Cuenca girl on her iPad
Any street corner

Not every street corner

At the little Museo Manuel Agustin Landivar, you can see the archeological remains of the three cultures literally layered one on top of the other.  At the Parque Arqueologico Pumapungo down the road, you can walk around the remains of the vast city of Pumapungo that was rumored to be El Dorado (as many places were) and contemplate the view they had of their dominion.

Cuenca Layers

Pumapungo

Another thing you notice in Cuenca is the number of churches, all Catholic from what I have seen (there were quite a few evangelical churches further north, in Tena, for example).  They say there is a church in Cuenca for every Sunday of the year, which is only a slight exaggeration (there are 40).  Though a good deal of the pillage was shipped back to Spain, much of the colonial Spanish city, including the gold on the church alters, was built with the building blocks and booty from previous civilizations.

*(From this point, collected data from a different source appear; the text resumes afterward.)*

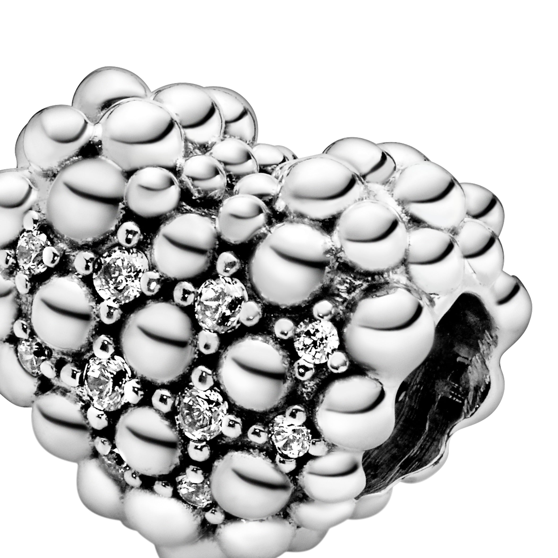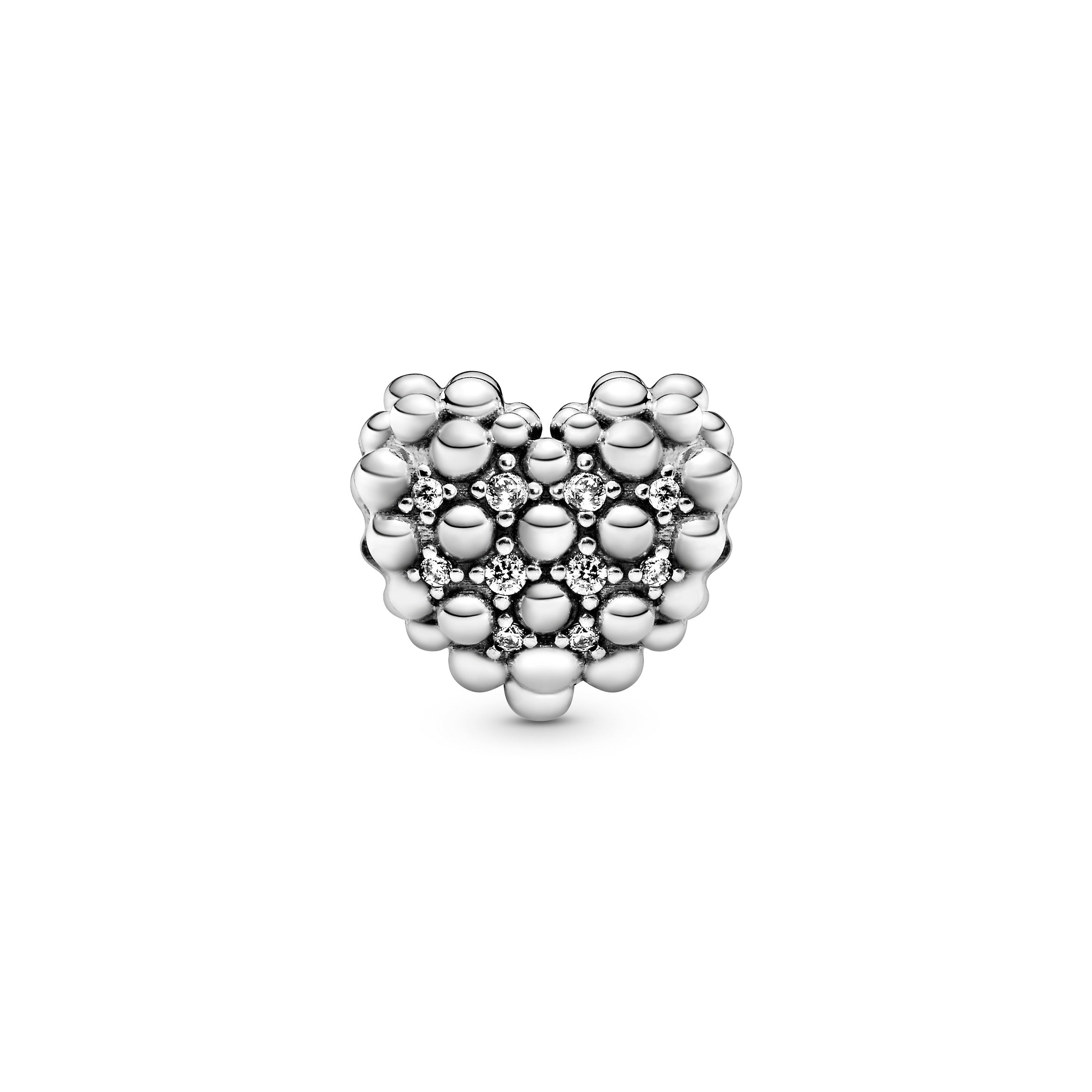 Part of the celebrated Purely Pandora collection. this three-dimensional Beaded Sparkling Heart Charm shows love is a many splendid thing. With 20 brilliant-cut clear cubic zirconia set between beads it creates a subtle and sophisticated shimmer effect when worn. Use this sterling silver charm as a reminder of all the special and memorable secrets that lie between you and a loved one and relive the glory of love each time you wear your heart.
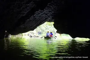 Location and Values: Phong Nha-Ke Bang National Park covers a substantial area of forested mountains along the border with Laos in central Vietnam. Its underlying geology is complex, and includes substantial areas of limestone where some of the world’s largest caves are found. There are some 300 known caves, including Son Doong (‘Mountain River Cave’) which is thought to be the world’s largest cave passage. Approximately 200 km of underground passages had been surveyed and mapped by early 2017 (including 57 new caves discovered in 2016 alone), and further exploration is likely to reveal many more. It is also an area of great biodiversity value, with over 2,700 vascular plant species and 800 vertebrates recorded. These include several large mammals only discovered for science in the 1990s, such as the critically endangered Saola. The fauna includes many species of endemic cave animals, such as blind white fish, and no fewer than four threatened primate taxa that are endemic to the small Annamite mountains region, namely the Hatinh langur, black Hatinh langur, red-shanked douc langur and white-cheeked gibbon.
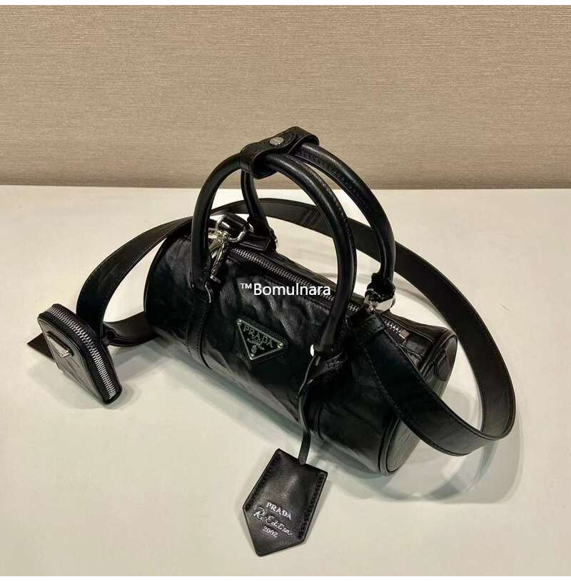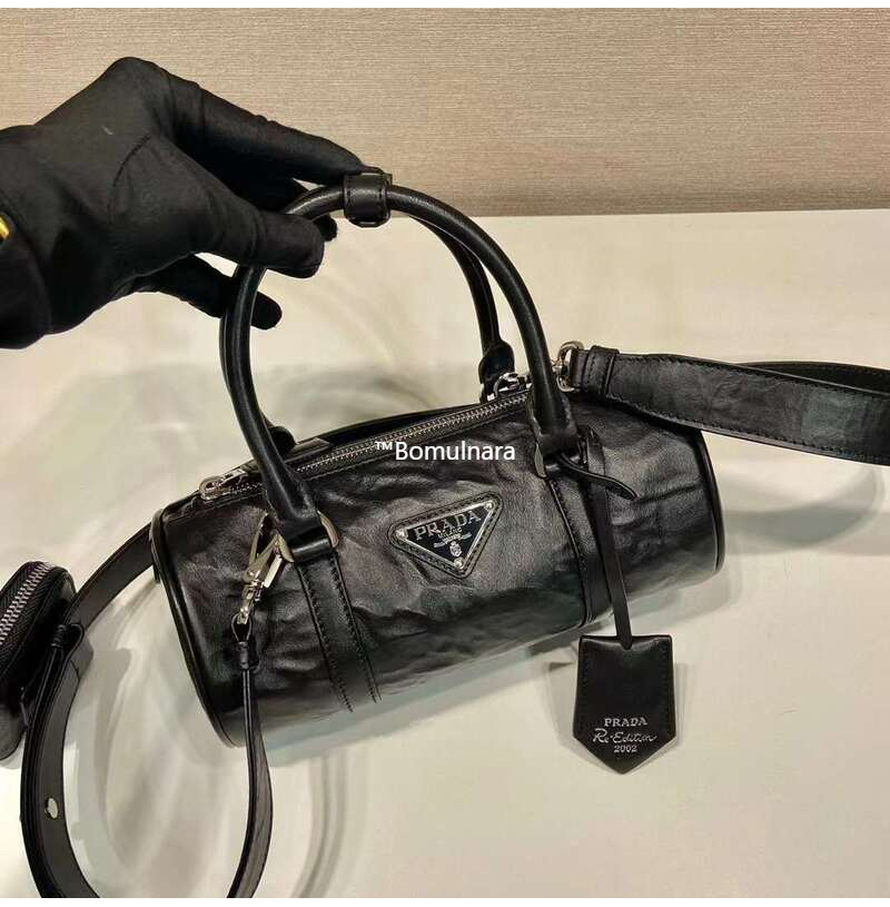 [스페셜오더]PRADA-1BA389 프라다 블랙 링클 나파 가죽 파우치 핸드백 22cm

While I have been combing through museums and churches, Luc has been back at campground, a lovely little organic farm in the city, working on maintenance and repairs.  Besides the consistent little problems that need fixing (toilet seal, leaky window, broken window lever), he has decreased the width of the trailer from 95 to 84 inches, which means it is now about the width of our van including rear-view mirrors. Now he is changing out something in the motorcycle (valves?). Hopefully when we head to Peru in a few days he will be riding the bike!